Gastroenterology & Hepatology
November 2015, Volume 11, Issue 11
Andrew T. Chan, MD, MPH
Associate Professor of Medicine
Harvard Medical School
Massachusetts General Hospital
Boston, Massachusetts
G&H What are the Nurses’ Health Study I and II?
AC Established in 1976, the Nurses’ Health Study I is a prospective cohort of 121,700 female registered nurses aged 30 to 55 years residing in 11 states across the country who completed an initial mail-in health questionnaire. The Nurses’ Health Study II, which began in 1989, is a parallel cohort of over 116,000 female registered nurses who were between the ages of 25 and 42 years at study enrollment. Every 2 years, women in both cohorts have returned follow-up questionnaires at a response rate of over 90% to update their information. Reports of diagnoses of chronic diseases have been confirmed via review of medical records. Together, these cohorts represent over 200,000 women who have been followed very closely for their diet, lifestyle, medication use, and diagnoses of chronic diseases, including Crohn’s disease and ulcerative colitis.
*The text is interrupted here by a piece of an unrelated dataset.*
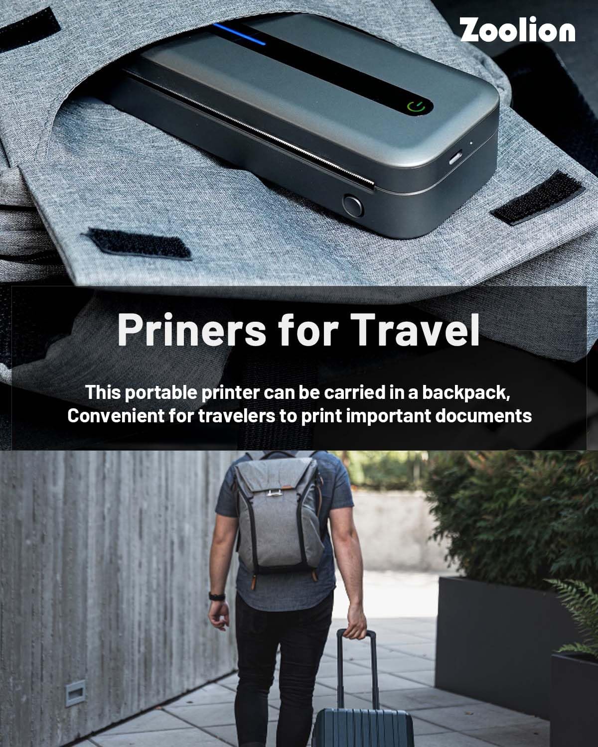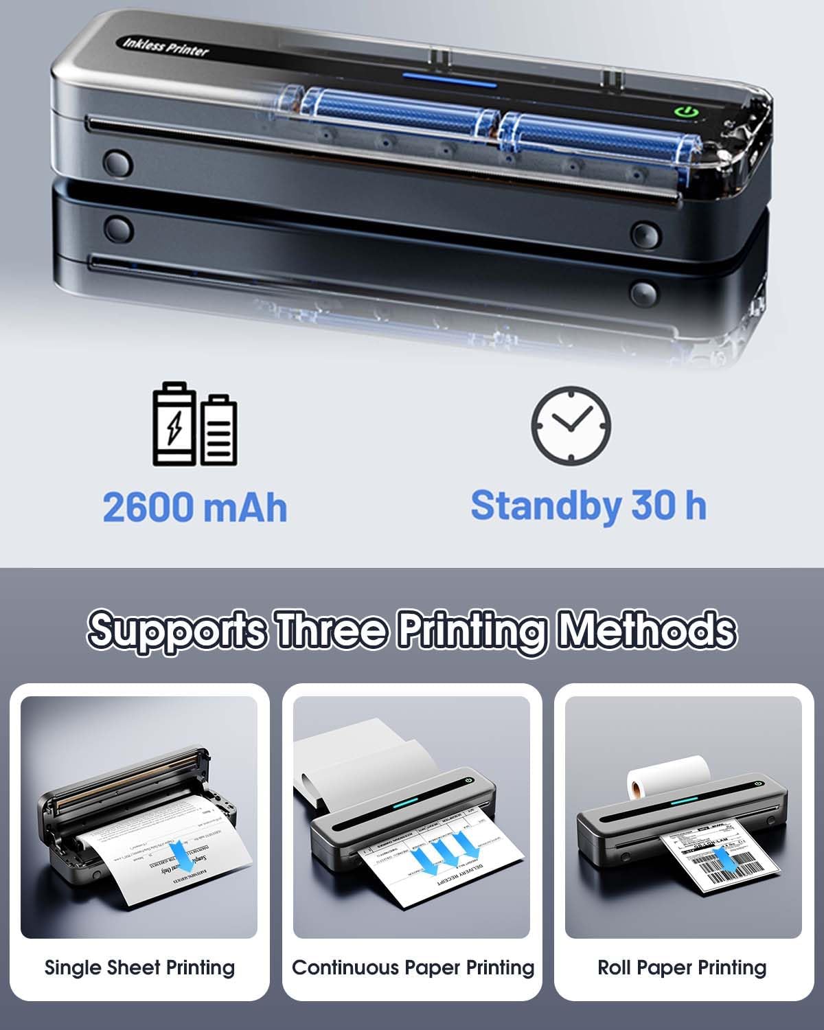 Portable Printers Wireless for Travel: This A4 portable printer measures 10..3×3.07×1.77 inches and weighs 1.52 lb, which is the size of a shoe and the weight of a bottle of water, it can be put in a backpack or suitcase and taken along with you when you travel, and the 2,600 mAh battery can be on standby for up to 30 hours after a full charge, so you can easily cope with the impromptu work when you are traveling.

G&H What are the demographics of the study participants, and how representative are they of the general US population?
AC Both cohorts represent a cross-section of the nursing profession at the time of their enrollment (1976 and 1989). Thus, the study populations include relatively more white and educated women than the general US population. However, in absolute terms, there is a reasonably large number of minority participants.
There has been a common misconception that these cohorts are thus not representative of the US population in terms of behavioral or lifestyle risk factors. However, our studies have shown that these women are actually quite reflective of the overall population of US women in terms of risk factors such as body mass index, smoking, and physical activity. In addition, the age-appropriate incidence rates of chronic diseases, such as cancer, cardiovascular disease, and inflammatory bowel disease (IBD), are quite consistent with those of the general population.
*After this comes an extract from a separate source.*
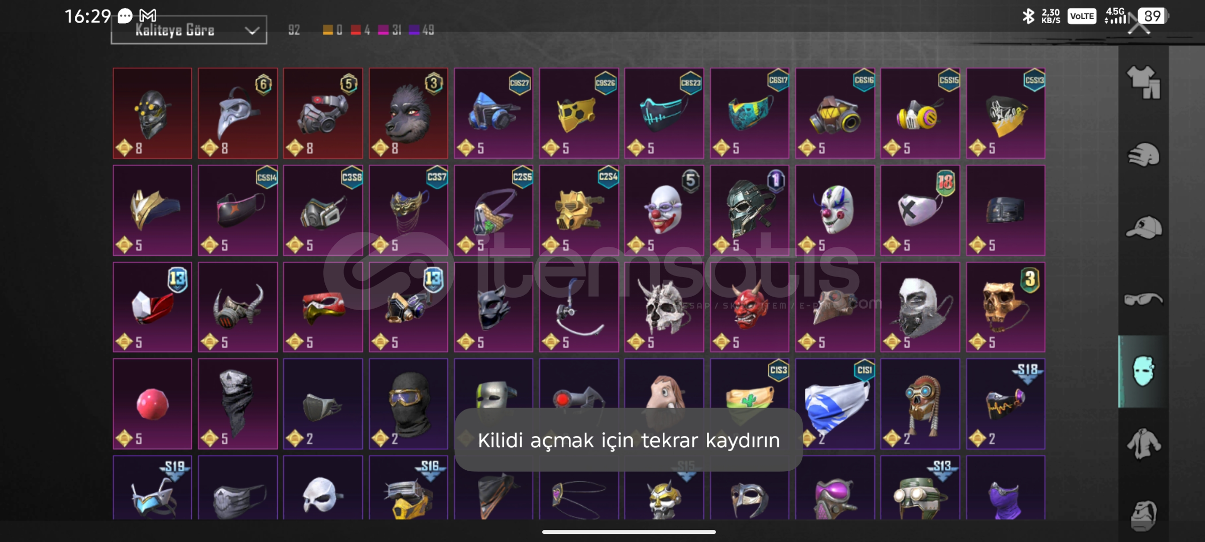 93 destansı TR HESAP2 nihai 26 Yükseltilebilir silahMaskara M4 4 seviye Kertenkele M4 5 seviye Yıl dönümü miradoAlevli mumya Zaman yolcusu seti NADİR HESAP ID:5408189518
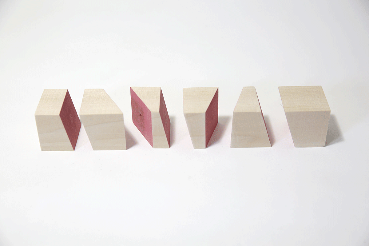 These toys are a series of poplar blocks that have been split into angled forms. These forms can be twisted, separated, offset into sheered, stacked forms and reassembled into blocks again. Part puzzle, part sculpture, part fidget toy.

G&H What are the strengths of the studies?
AC There are several key strengths. First, the size of the cohorts allows my colleagues and I to look prospectively at the association of diet, lifestyle, and other factors and the incidence of IBD. A large cohort is needed for such studies because IBD is actually a relatively rare disease. A cohort study is more useful than a case-control study, which enrolls patients with IBD and matches them to non-IBD controls. In the latter type of study, there is always a risk that the IBD patients might recall their lifestyle and diet differently than the non-IBD controls or that other factors involved in the selection of the non-IBD controls could influence the results.
Second, because the cohorts are comprised of nurses, the study participants are very engaged and educated about their health, so they are able to provide high-quality, detailed information about their lifestyle habits and medical conditions. Their motivation and willingness to complete multiple questionnaires have enabled us to sustain a response rate of over 90% over 3 decades. This high response rate is critical for collecting high-quality data regarding risk factors for Crohn’s disease, ulcerative colitis, and other medical conditions.
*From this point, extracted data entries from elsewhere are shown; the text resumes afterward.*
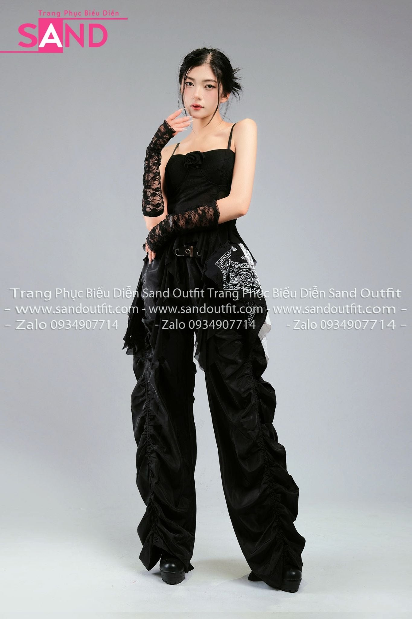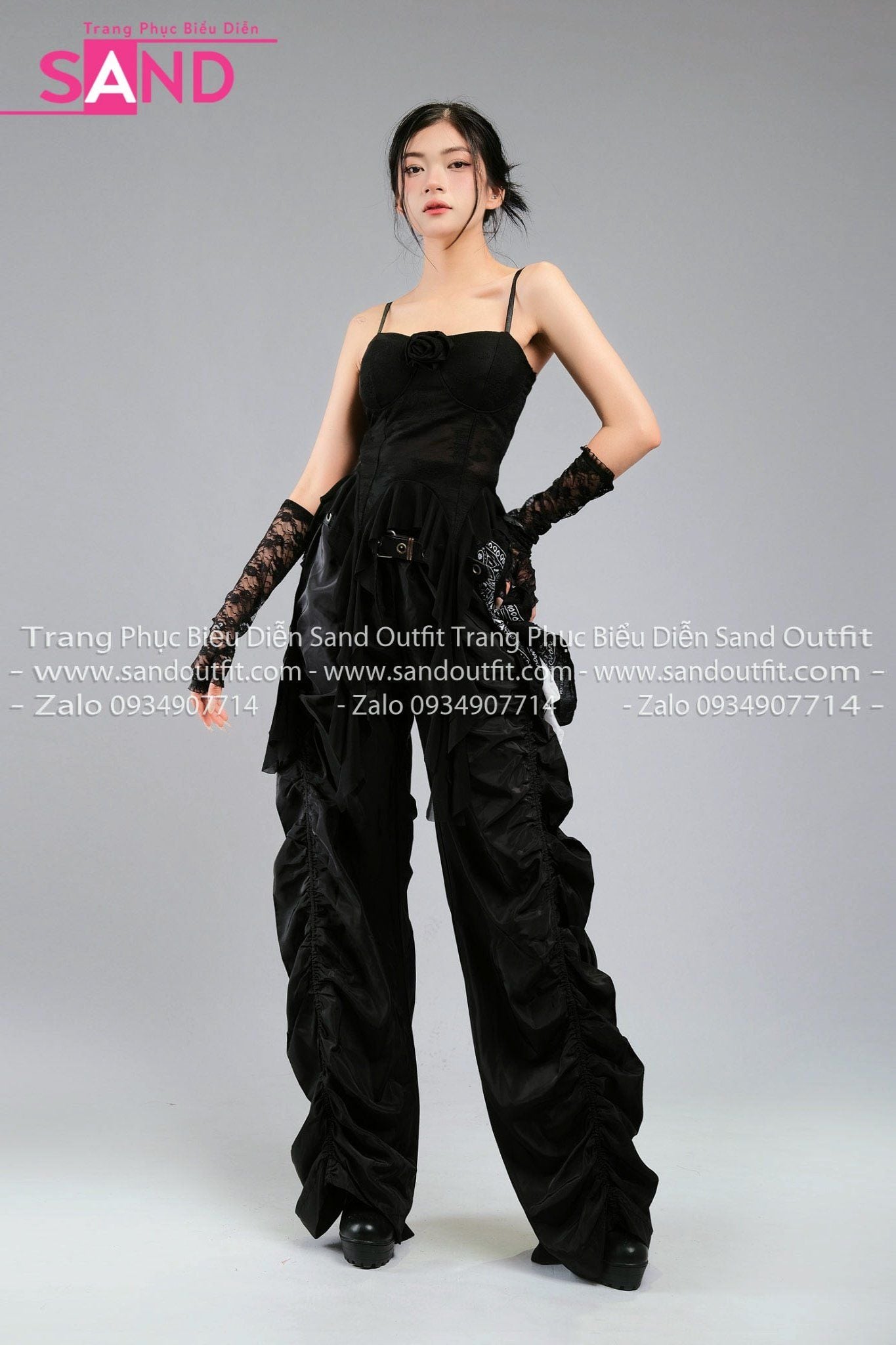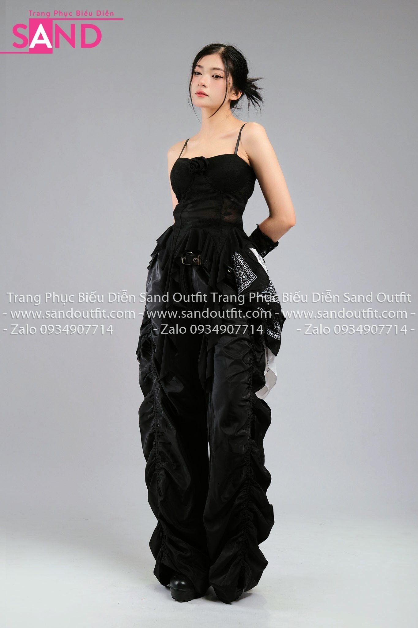 Outfit Phối Sẵn - (HQC0101 Quần Dù Ống Rộng Phối Chun Dây Rút - Đen phối HAQ0101 Áo 2 Dây Cúp Ngực Tua Rua Đen)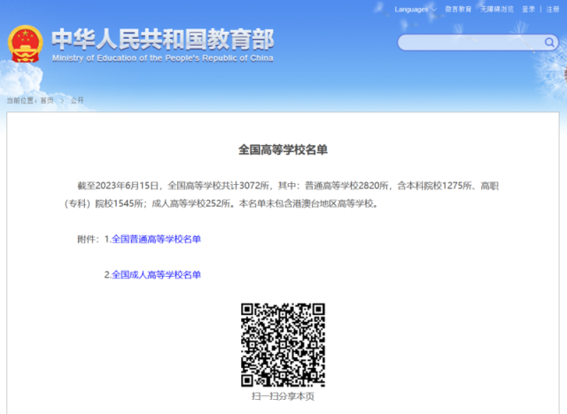 3072所!教育部發(fā)布全國(guó)高等學(xué)校名單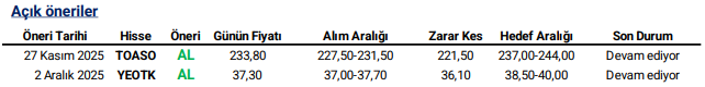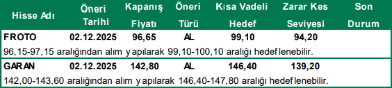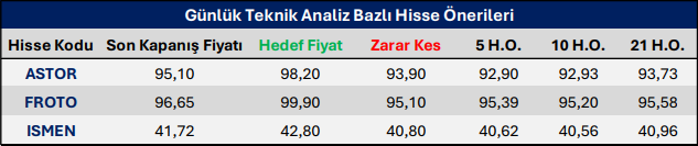 FROTO : Takip ettiğimiz önemli destek bölgesi üzerinde kapanış yaptığını görmekteyiz. 94.60 seviyesi üzerinde yukarı yönlü fiyat hareketlerinin olası olabileceğini düşünmekteyiz. Olası geri çekilmelerde 95.80 seviyesini ara destek olarak takip etmekteyiz. Yukarıda 98.70 ve 99.80 seviyelerini sıralı hedefler olarak takip etmekteyiz.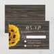 Rustic Sunflower Dark Wood Background Wedding RSVP Card

Third, over the course of the studies, my colleagues and I have collected blood and urine specimens from the study participants. This has provided us with the opportunity to use genetic and biochemical markers to investigate the connection between certain lifestyle factors and the incidence of IBD.
G&H What are the limitations of these studies?
AC Although the Nurses’ Health Study I and II were designed to prospectively examine the associations between diet, lifestyle habits, medications, and chronic diseases, it is important to keep in mind that these studies are not randomized, controlled trials. Thus, we are not able to definitively assign causality to our observed associations. However, a clinical trial of a lifestyle intervention or medication and the subsequent development of IBD will likely never be feasible. Thus, evidence from prospective cohort studies such as ours is probably the best source of data for understanding how environmental risk factors influence IBD risk.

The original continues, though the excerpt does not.